Some ALDOT meeting takeaways official; others, not so much

I-65/Ala 160 intersection

 

 

The good Lord willing and the creek don’t rise, the I-65/Ala 160 intersection could possibly be engineered, approved and re-approved; designed, approved, and re-approved; funded, approved, and reapproved, then built and opened to traffic in three years, given favorable weather and other astrological conditions. The design and approvals would take the first two years, construction the last. That’s an Alabama Department of Transportation (ALDOT) best-case dream.

Translation: good chance it’ll take longer than that. That’s an example of an unofficial takeaway from ALDOT’s public information meeting. ALDOT provided no timelines, and no cost estimates. In fact, ALDOT provided no official presentation, though there were wall-to-wall maps, schematics, and animations showing the performance of different intersection design alternatives under simulated traffic conditions with attendants at each display from the design firm to field questions. Visitors were very much on their own to sort it all out.

 

 

On cost: No hard numbers, but unofficially, alternative 1 is probably the costliest because of the new, quarter-mile-long ramp for southbound traffic, requiring right-of-way acquisition. Alternative 3 with three roundabouts, surprisingly, is expected to be the least expensive, and, by process of elimination, alternative 2 is left to occupy the middle ground.
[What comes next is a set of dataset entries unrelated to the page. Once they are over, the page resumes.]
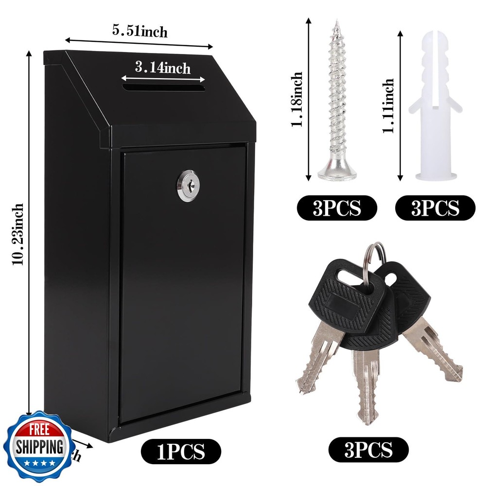 Metal Donation Box with Lock Ballot Box Drop Box with Lock Suggestion Box with Slot and Lock Metal Lock Box Comment Box Voting Box Key Drop Box for Home Office(Black,10.24 x 5.71 x 2.95 Inch) Features Perfect Size: Includes one Metal Donation Box with two keys, measuring 10.24 x 5.71 x 2.95 inches (26 x 14.5 x 7.5 cm). Its compact size saves space while providing convenience for your home. Premium Material: Made of high quality metal, this outdoor lockable mailbox is sturdy, weather resistant, rustproof, and deformation-free, ensuring long-lasting performance for secure mail storage. Easy Installation: Pre drilled holes on the back allow for hassle free mounting. Simply use nails or hooks to hang it on walls, doors, fences, or other surfaces for quick setup and easy use. Thoughtful Design: Key drop box features a rainproof top cover to keep water out, a small slot for easy mail delivery, and a front keyhole for secure and convenient access to stored items. Versatile Use: Designed with a compact size and pre drilled holes, this drop box with lock is perfect for hanging on walls, doors, or fences, offering flexible placement options to suit your daily needs. Shipping Free & Fast Shipping: We offer free shipping to most of the USA with a normal delivery time of 3-7 days. However, due to the current situation, additional delivery time (up to 3 weeks) may be required for some items. Alternative Carriers: We may use alternative carriers (e.g., USPS, FedEx, UPS) to ensure your package arrives safely and on time. Due to the use of multiple carriers, we are unable to provide a tracking number automatically. Handling Time: Orders are processed and shipped within 1-2 business days of receiving cleared payment. Shipping Restrictions: Shipping to Alaska, Hawaii, Puerto Rico, Guam, and other US territories may incur shipping charges or delivery restrictions. Please contact us before ordering, or your order can be refunded/cancelled. State Restrictions: Certain items may not be shipped to California due to state regulations. Contact for Tracking Updates: If you require tracking updates or have any concerns about the delivery of your order, please feel free to contact us, and we will be happy to assist you. Return Policy 30-Day Hassle-Free Returns: If you are not completely satisfied with your purchase, you can return the item for free within 30 days of receiving it for a full refund or exchange. Easy Return Process: Contact us, and we will provide you with a prepaid return shipping label and detailed instructions. No Restocking Fee: There are no restocking fees for returns. However, the buyer is responsible for return shipping costs if the return is not due to a seller"s error. Refund Processing: Refunds will be processed within 1 business day of receiving the returned item in its original condition. Feedback Your feedback is extremely important to us. We strive to provide the best products and customer service possible. If you are satisfied with your purchase, please take a moment to leave us a positive review. If you have any concerns or issues with your order, please contact us before leaving negative feedback. We are committed to resolving any problems and ensuring your satisfaction. Contact Us If you have any questions or concerns, please feel free to reach out to our customer support team. You can contact us through the eBay messaging system. We are available Monday to Friday, 9:00 am to 5:00 pm EST, and we will do our best to respond to your inquiry within 24 hours. Thank you for supporting our small family business!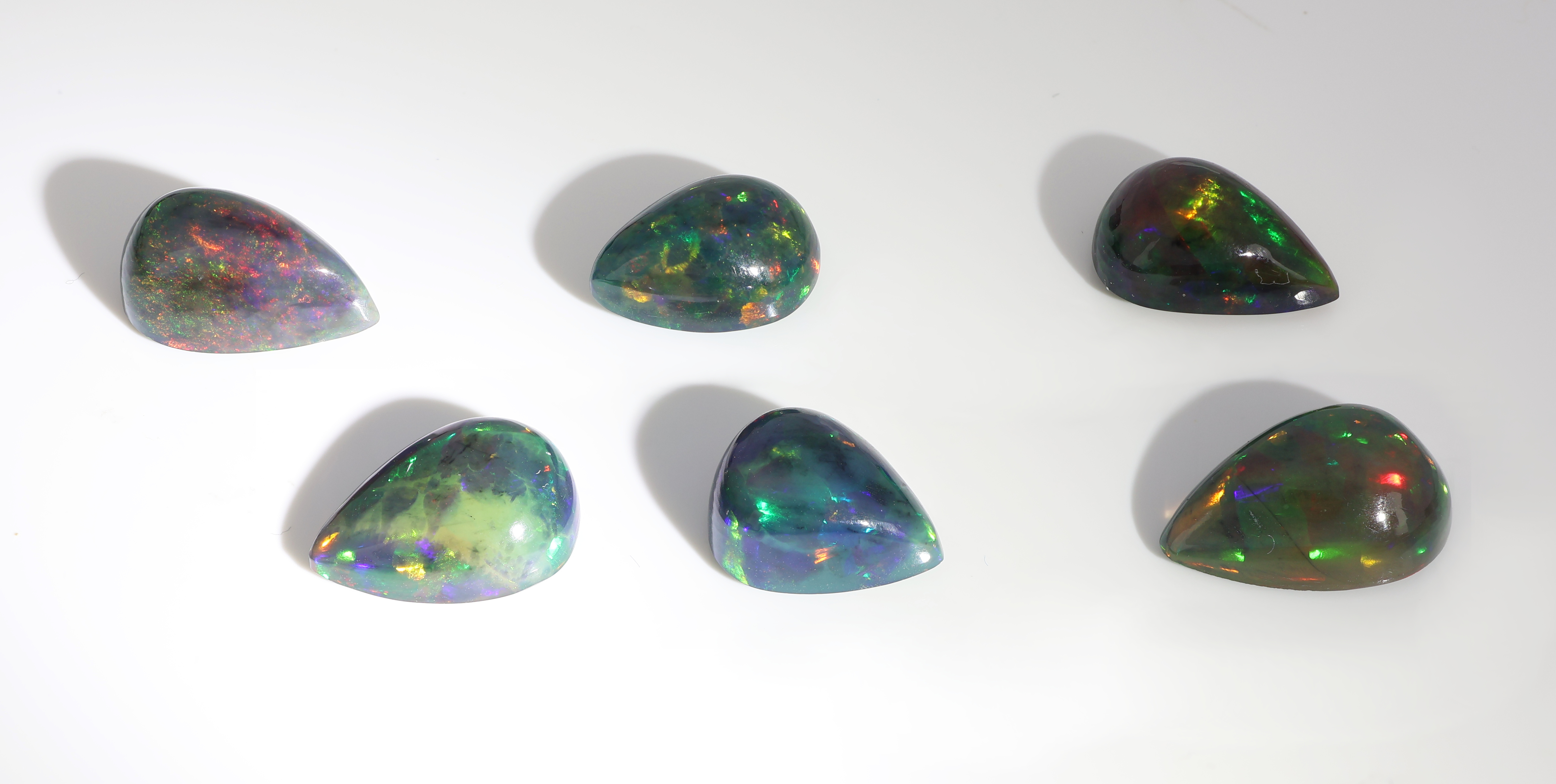 Lot 6 lose schwarze Opale, zus. ca. 17.95 ct, tropfenf. Cabochons in versch. Größen, intensives Farbspiel in Grün, Rot und Blau Schätzpreis: 2100, - EUR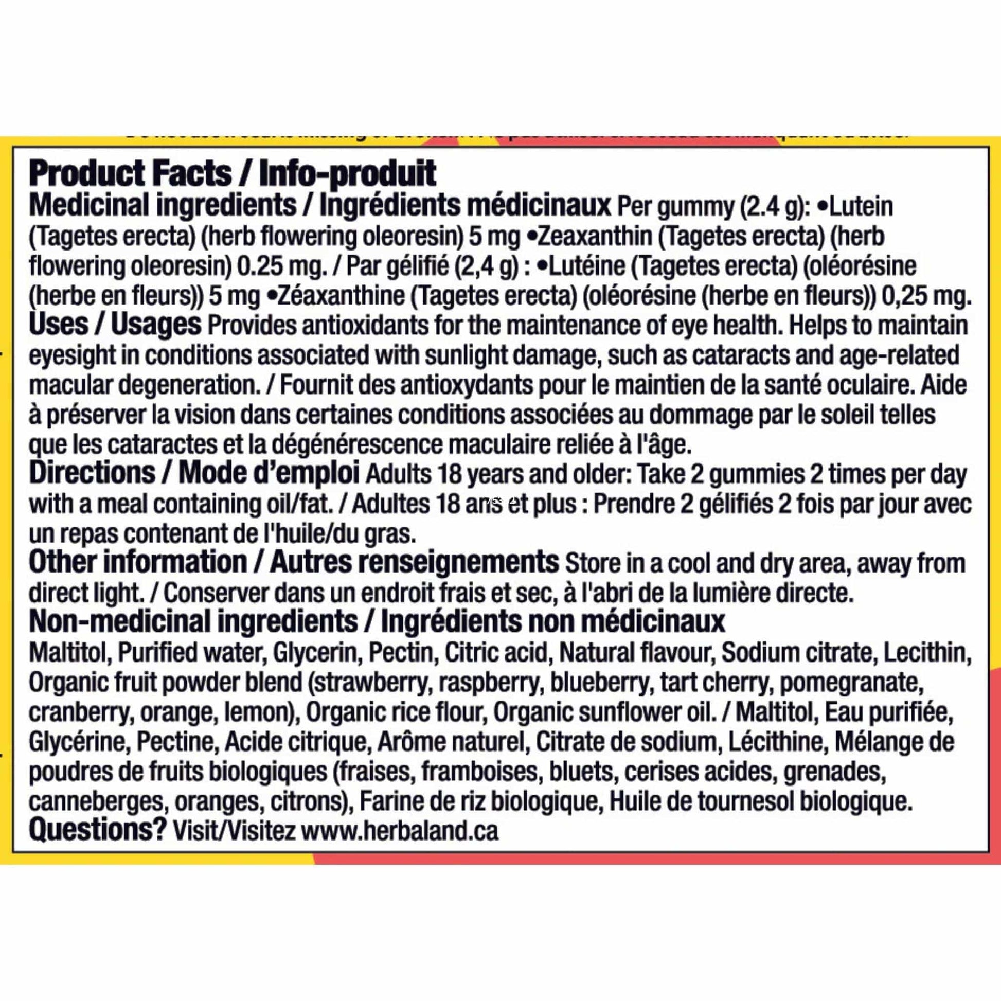 Herbaland Eye Care Gummies with Lutein Features and Benefits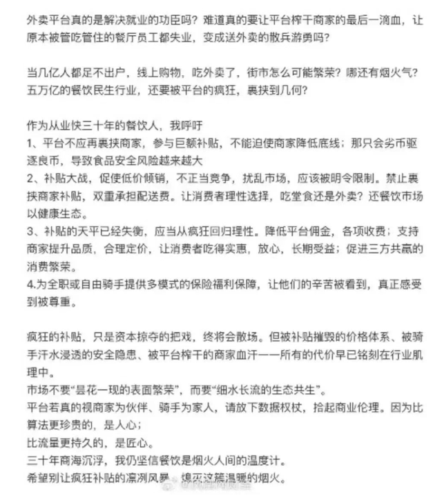 这不仅是一个餐饮人的呐喊,更是对行业生存逻辑的拷问 —— 餐饮的核心价值,从来不是 “谁能卖得更便宜”,而是品质、安全与服务。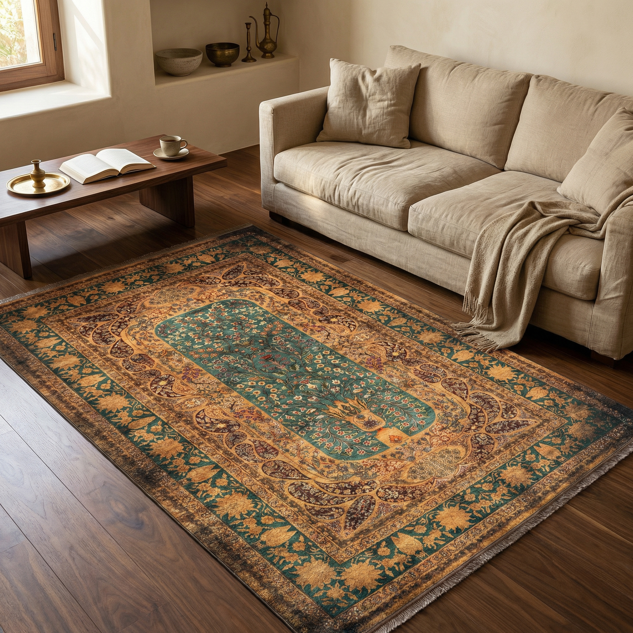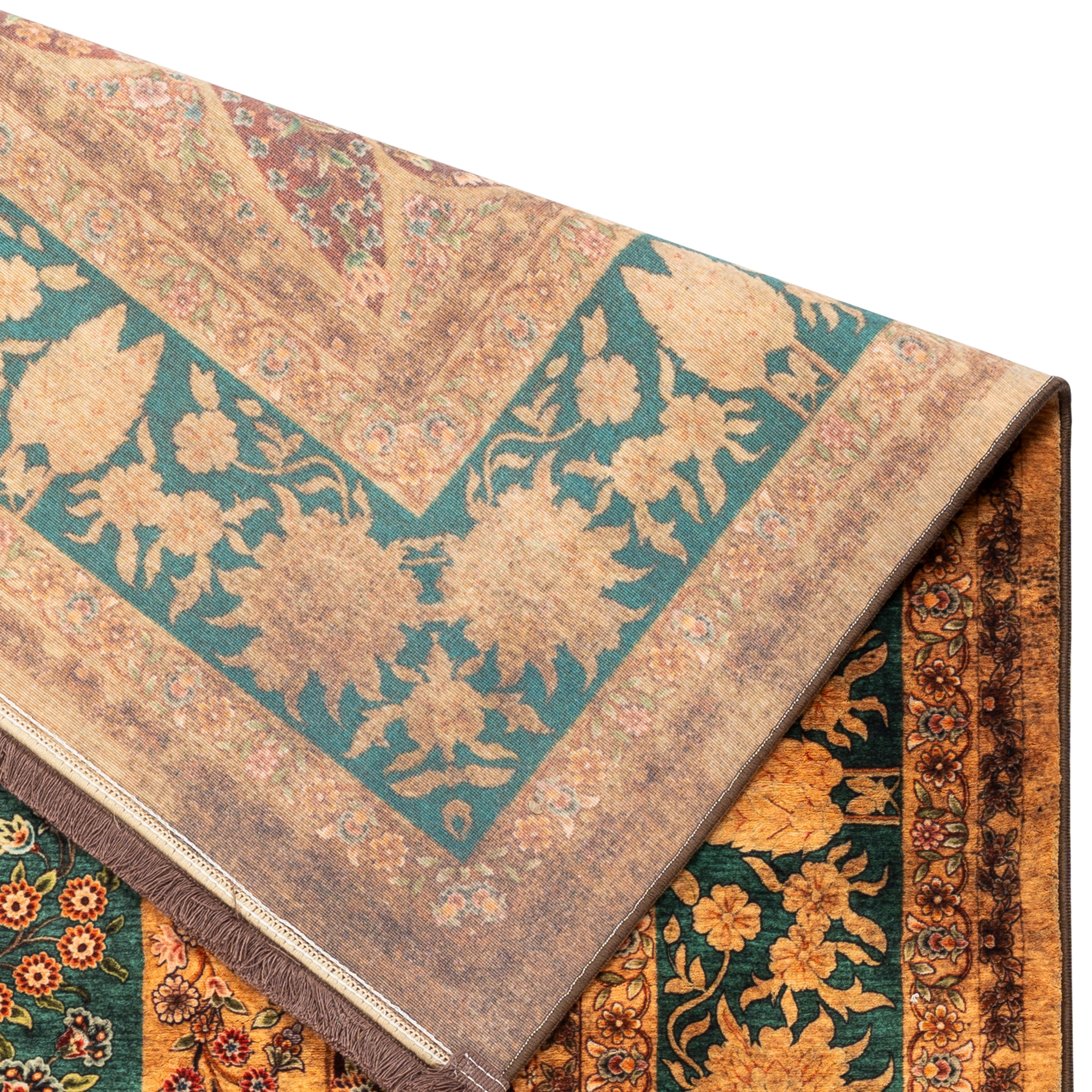 فرش ماشینی هلنا 25NH0060 سبز معادل 77 رج دستبافت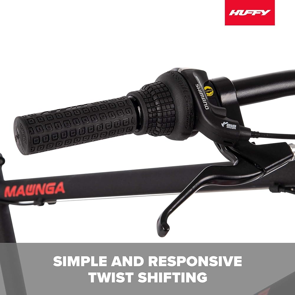 Promptly draw on 21 speeds on-demand for uphill climbing, downhill riding, or pure acceleration with the indexed Shimano TZ-31 rear derailleur and micro-shift twist shifter; suspension fork absorbs bumps for a better ride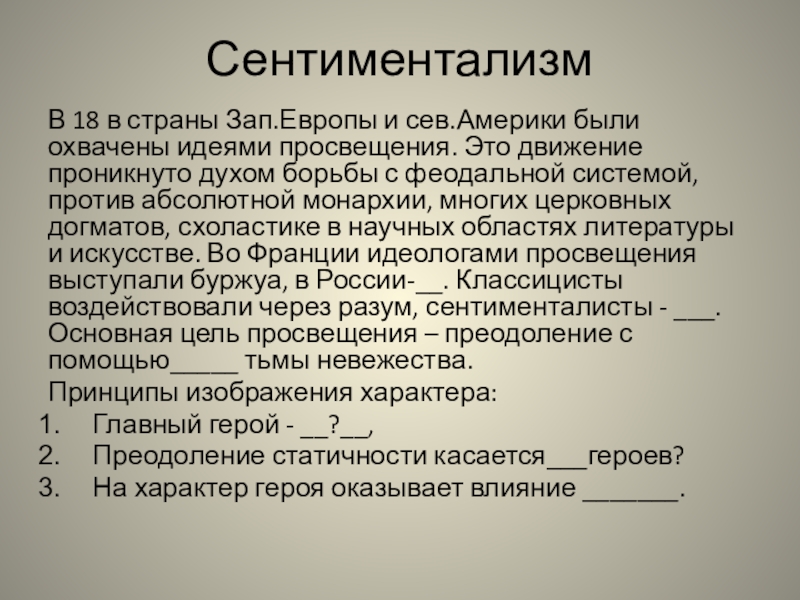 Представители другого лагеря опирались на достижения сентиментальной литературы, и прежде всего Н.М. Карамзина.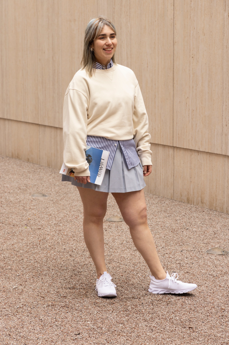 - sweatshirt and skirt outfit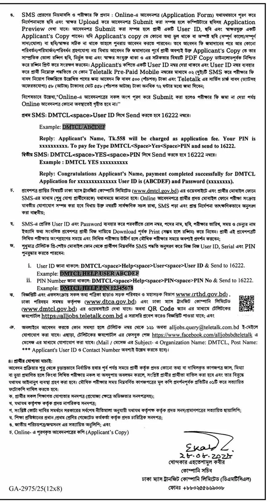 সূত্র: ডিএমটিসিএলের বিজ্ঞপ্তি

That, unofficially, came from ALDOT assistant east central region engineer Lance Taylor.

In the way of official information, a handout was provided that turned out to contain a trove of useful information, repaying the effort needed to decipher it and relate it to the diagrams of the three alternatives – four, actually, if you count doing nothing (“Existing” in the evaluation matrix chart at right) as a viable alternative.